If aiming for maximum home value, a pro paint job is advisable. The upfront investment often yields a significant ROI in terms of resale value. Many pros also offer free color consultations.
While personal preference matters most, exterior paint colors do impact perceived home value. Market data consistently shows white and light beige exteriors yield top resale value thanks to broad appeal. Neutrals like gray and blue also outperform bold reds or purples that can turn conservative buyers away.

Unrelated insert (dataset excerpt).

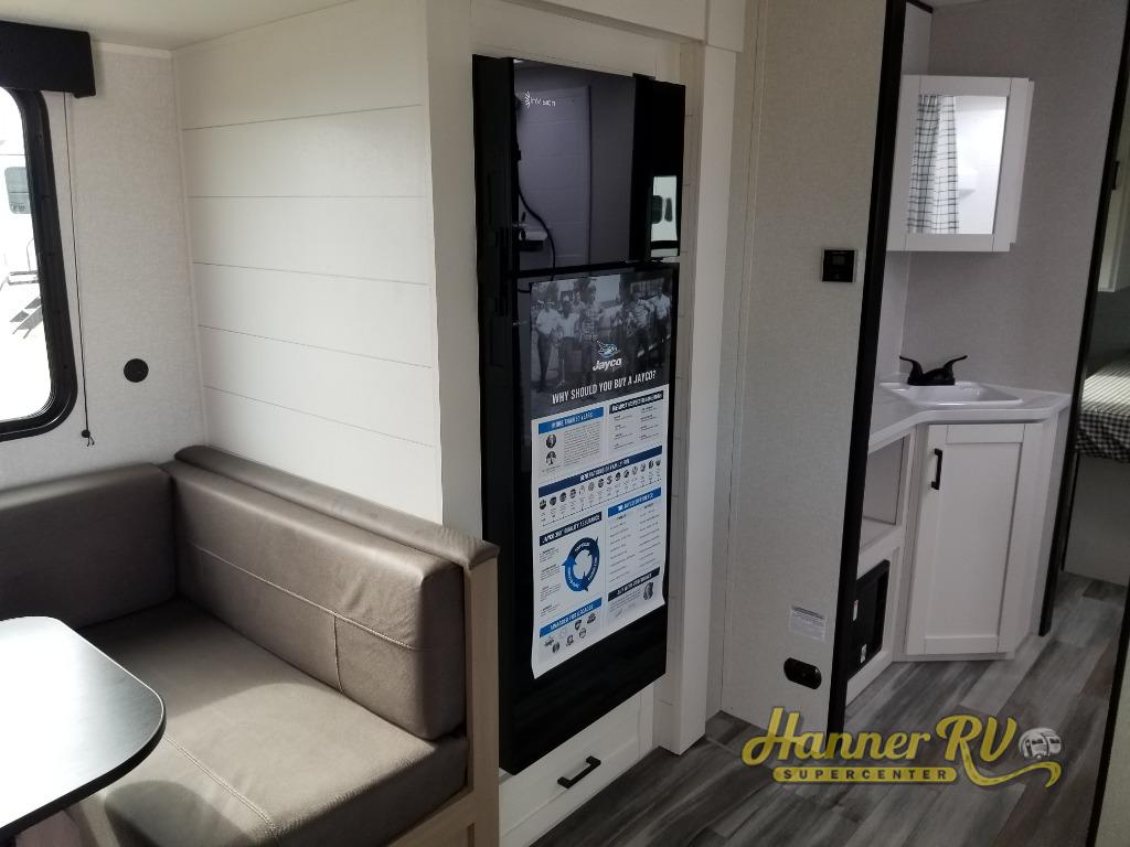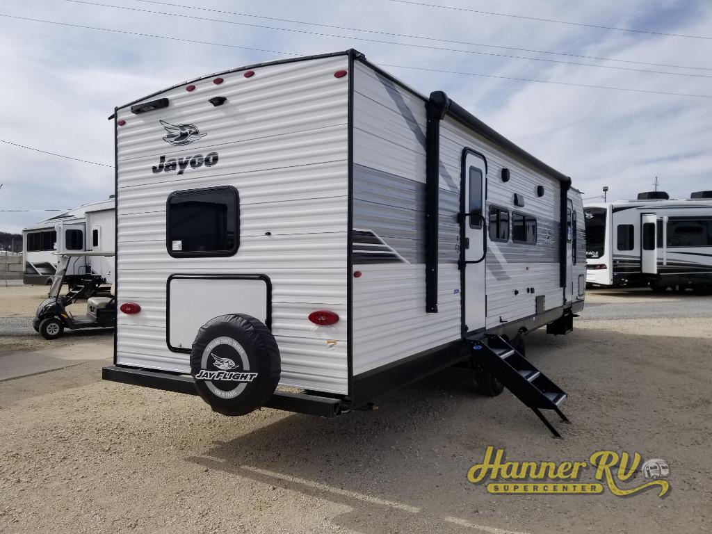 The Jayco Jay Flight SLX travel trailer is quite easy to own because it is lightweight for an easier towing experience. Built on a fully integrated A-frame with galvanized-steel, impact-resistant wheel wells, the Jay Flight SLX has quality at its very foundation. That quality continues on to the electric self-adjusting brakes, easy-lube hubs, Magnum Truss roof system, and LP quick connect. Some of what the mandatory Customer Value Package includes is backup camera prep, Keyed-Alike entry and baggage doors, and an on-demand tankless water heater.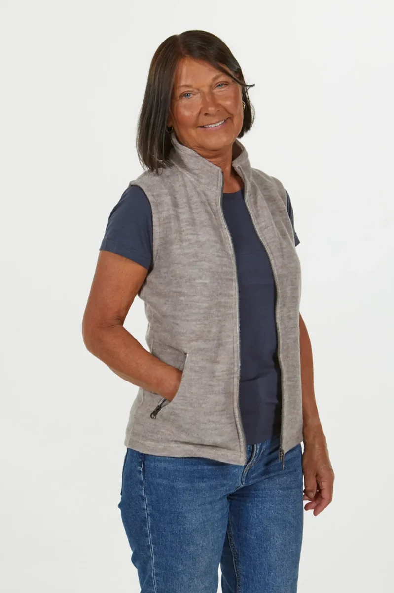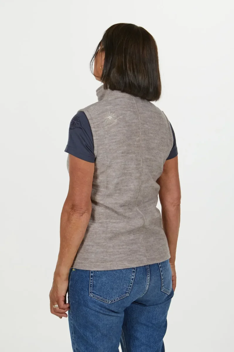 Flora Vest är en snygg, klassisk väst i 60% ull och 40% TENCEL™. Det stickade material är pläterat, med TENCEL™ närmast kroppen vilket ger en mjuk och behaglig känsla. Hel dragkedja framtill och dragkedja i sidfickorna. Lätt insvängd passform och brodyr baktill på vänster skuldra. Perfekta plagget som passar till vardags såsom de som är aktiva. Denna modellen finns även som tröja och heter Bella full zip.

Beyond analyzing market data, also consider your home’s style, neighborhood norms, landscaping, and personal taste when selecting an exterior color. Light neutrals are the “safest” bet for resale value, but a darker exterior in keeping with your home’s style can also work if selling isn’t imminent.
Aim for exterior paint colors that are tasteful, complement your home, and have wide appeal. This attracts more buyers and maximizes your home’s resale value when the time comes to sell.